James Fraser Stoddart obituary: chemist and nanotechnology pioneer who built molecular machines

An early love of construction toys led the Scottish chemist to thread molecules together, opening up a new field of chemistry

James Fraser Stoddart created a field of chemistry based on threaded and mechanically connected molecules, held together like links of a chain rather than through conventional chemical bonds. He recognized that the motions of the linked components could be exploited to make artificial molecular machinery, a breakthrough for which he shared the 2016 Nobel Prize in Chemistry with Jean-Pierre Sauvage and Bernard L. Feringa. He has died aged 82.
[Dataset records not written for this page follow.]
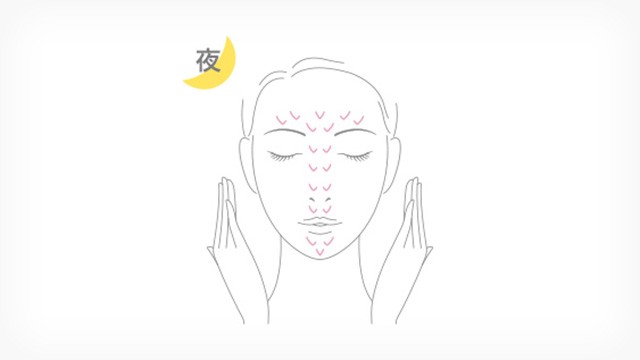 顔の中心から外側に向かって、両手の人差し指、中指、薬指でゆっくりと軽くたたきます。パッティングすることで浸透力もアップ!
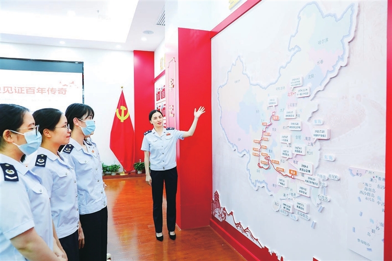 近日,东源县税务局的“党建空间综合体”成为局内党员干部打卡点,该综合体包含“一家一室一厅”,即党员之家、廉政清风室、党史学习教育主题展厅,充分运用文字说明15000余字,图片展示200多张以及音频、视频等多种呈现形式,全面展现了党的百年光辉历程及其所形成的精神谱系。
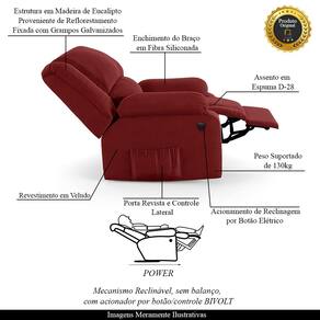 Que tal criar seu próprio home cinema? Aqui, vamos mostrar como você pode montar o seu! Com o local adequado, alguns itens decorativos e uma poltrona ideal, você garantirá um espaço confortável e imersivo. O primeiro passo é investir em equipamentos de alta qualidade! Olha só que lindeza a nossa Poltrona do Papai Reclinável Melim. Ela foi projetada para proporcionar máximo conforto e funcionalidade, esta poltrona é a escolha ideal para quem busca relaxamento, estilo e uma experiência de cinema privada. A praticidade do ajuste elétrico conta com acionamento de reclinagem por botão power elétrico Bivolt em uma das Braças, com apenas um toque, proporcionando a posição ideal, criando uma experiência incomparável. Com capacidade para suportar até 130 kg, oferecendo segurança e estabilidade ao consumidor. O revestimento em Veludo Vermelho oferece um toque de sofisticação e conforto, enquanto a estrutura em Madeira de Lei Eucalipto com Controle de Umidade, Proveniente de Reflorestamento, Fixa com Grampos Galvanizados garante resistência e durabilidade. O encosto e o assento são sustentados por percintas elásticas. O braço/assento possui Enchimento em Fibra Siliconada. O assento foi preenchido com espuma D-28, respectivamente, para um conforto adicional. O assento (fixo) e o apoio de Pés Retrátil proporcionam um apoio perfeito para suas pernas, aumentando o conforto. O encosto reclinável, possibilita ajustá- lo para a posição ideal de relaxamento. Já os pés (fixos) foram feitos em aço revestido com plástico, adicionando um toque de elegância ao produto. E tem mais!! Ela contém Bolso lateral nas braças perfeito para armazenar livros e revistas, mantendo tudo ao seu alcance. Com um design moderno e prático, esta poltrona se tornará o destaque da sua sala de estar. Afinal, sua casa merece a Poltrona do Papai Reclinável Melim Power Elétrica. Adquira a sua agora mesmo e transforme sua sala de estar em um verdadeiro cinema!
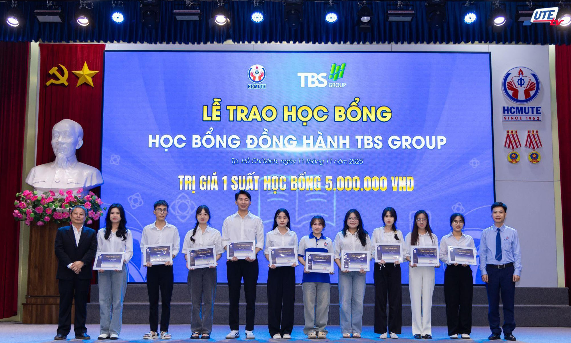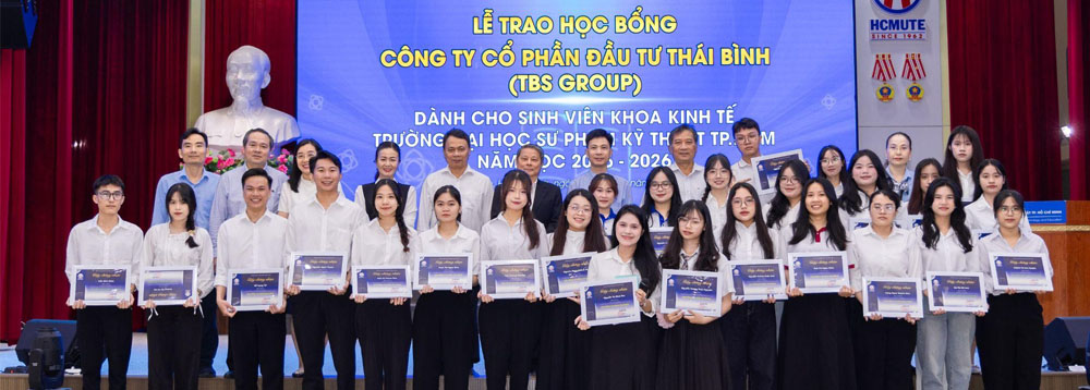 Sáng nay 11/11/2025, Trường Đại học Sư phạm Kỹ thuật TP.HCM (HCMUTE) đã phối hợp với công ty Cổ phần Đầu tư Thái Bình (TBS Group) tổ chức Lễ trao học bổng “Sinh viên Khoa Kinh tế tỏa sáng tài năng cùng TBS Group” năm 2025 dành cho 25 sinh viên Khoa Kinh tế của Nhà trường.

Born in Edinburgh, UK, Stoddart was brought up on a remote farm that lacked electricity. He said that farm living instilled in him “the work ethic of a honeybee”. The young Stoddart played with construction toys such as Meccano, which he later suggested was an inspiration for his building of machines from molecules. After completing a PhD in chemistry at the University of Edinburgh, he took a postdoctoral position at Queen’s University in Kingston, Canada. The parting advice of the University of Edinburgh’s chair of organic chemistry, Edmund Hirst, rang in his ears: “Whatever you do in research, Stoddart, make sure you work on a big problem!”

In 1970, Stoddart returned to the United Kingdom to do a lectureship at the University of Sheffield, and began to search for a problem. The emerging field of supramolecular chemistry — chemistry beyond the molecule — caught his attention. He became intrigued by cyclic molecules called crown ethers, which could bind metal ions and charged organic molecules within their rings.

From 1978, Stoddart spent three years on secondment to the Imperial Chemical Industries (ICI) Corporate Laboratories in Runcorn, UK, while — back in Sheffield — his students prepared a series of transition-metal complexes with crown ethers. Structural similarities between those complexes and the herbicides he had seen at ICI led Stoddart to explore crown ethers that could bind to the weedkiller Paraquat. A visiting Spanish PhD student threaded a paraquat derivative through a crown ether ring, then connected the derivative’s two ends. The result: two cyclic molecules mechanically linked together, called a [2]catenane.

Stoddart’s team then created a [2]rotaxane — a ring-shaped molecule threaded onto a dumbbell-shaped molecule, with the ring darting back and forth between two ‘stations’ on the dumbbell’s shaft. In a 1991 paper, Stoddart termed it a ‘molecular shuttle’, noting: “Insofar as it becomes possible to control the movement of one molecular component with respect to the other in a [2]rotaxane, the technology for building ‘molecular machines’ will emerge.” (P. L. Anelli et al. J. Am. Chem. Soc. 113, 5131–5133; 1991).

He had found his problem. Over the next two decades, the Stoddart group pioneered the field of artificial molecular machinery, producing eye-catching molecular objects that resembled in some aspects their counterparts from the macroscopic world, including a ‘molecular elevator’ and ‘Olympiadane’, a molecular version of the Olympic rings.